4. Downward Facing Dog
Downward Facing Dog is one of the first poses we learn in yoga, and it’s a powerful one. This fantastic pose strengthens the arms, shoulders and core and opens the hamstrings, back, chest and shoulders.
From the hands and knees, press the hips up and back, and press your chest towards your legs. Heels are hip-width distance apart and reaching down toward the mat. Fingers are spread wide with weight distributed as evenly as possibly through the hands. Relax your head and neck, shoulders away from the ears, and send your gaze towards your navel. Hold the pose for five full breaths or longer.
5. Plank Pose
Plank is a wonderful way to work on core. From Downward Dog, lower your pelvis so that you create a straight line from the head to the heels. Take care to make sure that your pelvis is neither sticking up nor drooping down. Engage your belly, drawing your navel toward your spine and tucking the tailbone. Spread your fingers wide, pressing the palms into the ground. Start with 20–30 seconds and work up to holding the plank for a minute or more. This pose will keep you standing tall.
6. Standing Forward Bend Variation
This variation on the traditional Standing Forward Bend involves interlacing the hands behind the back. It’s a great shoulder opener that counteracts slumped shoulders. To get as much openness in the chest as possible, join your hands behind your back and scrunch your shoulders up toward your ears. Then let the shoulder blades slide down your back as you draw your arms straight.
With an exhale, slowly come into a forward bend over your legs while keeping your hands joined. Use a strap if needed. Roll your shoulders toward the middle of your back and extend your arms overhead.
7. Bridge Pose
This gentle backbend opens the chest and shoulders, two areas that are often constricted when we have poor posture. It strengthens the back, giving your spine more support. For a less intense version, you can try a supported bridge with a block or bolster placed underneath your low back instead.
Laying on your back, palms face down at your sides, bring the soles of your feet to the mat with your knees bent. The feet should be close to the fingers and hips-width distance apart. On an inhale, lift the hips while pressing down through the feet, arms and hands. Exhale, and slowly lower back down. Repeat this up-and-down movement several times.
Then, hold the Bridge Pose for several breaths. Optionally, interlace your hands behind your back and roll the shoulders underneath to get into a deeper backbend. Breathe here for another 4 breaths before releasing on the exhale, one vertebrae at a time
8. Cobra Pose
Cobra Pose strengthens the arms and low back while opening the chest, upper back and shoulders. Laying on the belly, place your hands beneath the shoulders. Spread the fingers wide and press down evenly to lift the head, neck and chest off the mat. Hold your elbows in close to the rib cage and slightly tuck the chin to avoid straining the neck. Hold for 4 breaths for two or three rounds.
9. Cat and Cow Poses
Cat-cow stretches help you discover the natural curvature of your spine. By moving the spine from flexion (Cat Pose) into extension (Cow Pose), you can more easily find the neutral position. Let the movements originate from your tailbone and ripple up your spine so that your head is the last part to move.

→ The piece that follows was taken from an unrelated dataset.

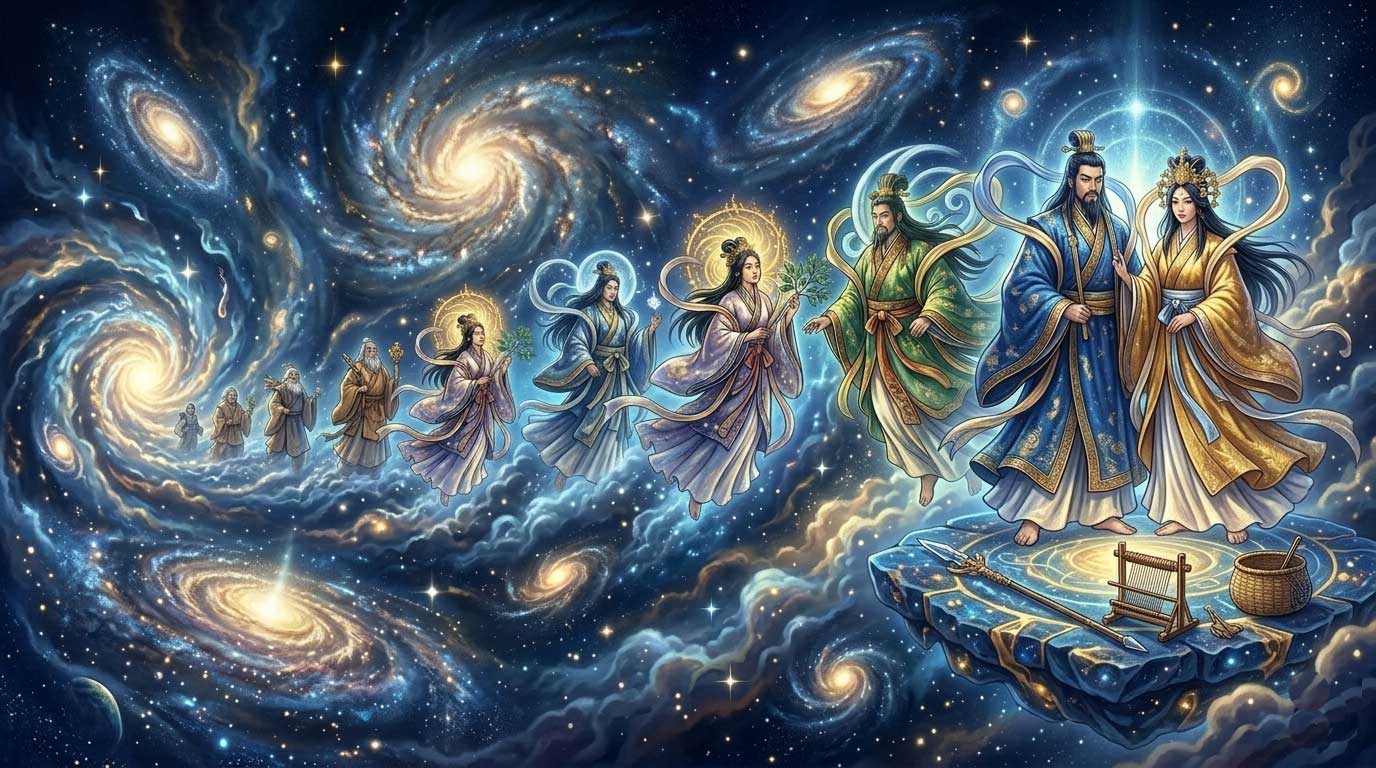 世界の始まり、混沌とした宇宙に最初に現れた5柱の別天神は、性別のない独神として万物の根源となりました。続く神世七代では、抽象的な神から次第に具現化が進み、最後に伊邪那岐・伊邪那美の男女ペアが登場します。この二神が結婚し、修復を繰り返しながら日本の国土を形成していく「国生み」へと繋がります。形なきエネルギーが、具体的な神々の姿へと変化していく、日本神話の壮大なプロローグです。

To cultivate superb posture, first, build awareness by assessing your current posture and lifestyle. Second, create a yoga sequence for your specific postural issue by incorporating any or all of the poses from the above list into your practice. Last but not least, take your newfound awareness of your posture issues and apply it throughout your daily life, whether sitting, standing, or moving.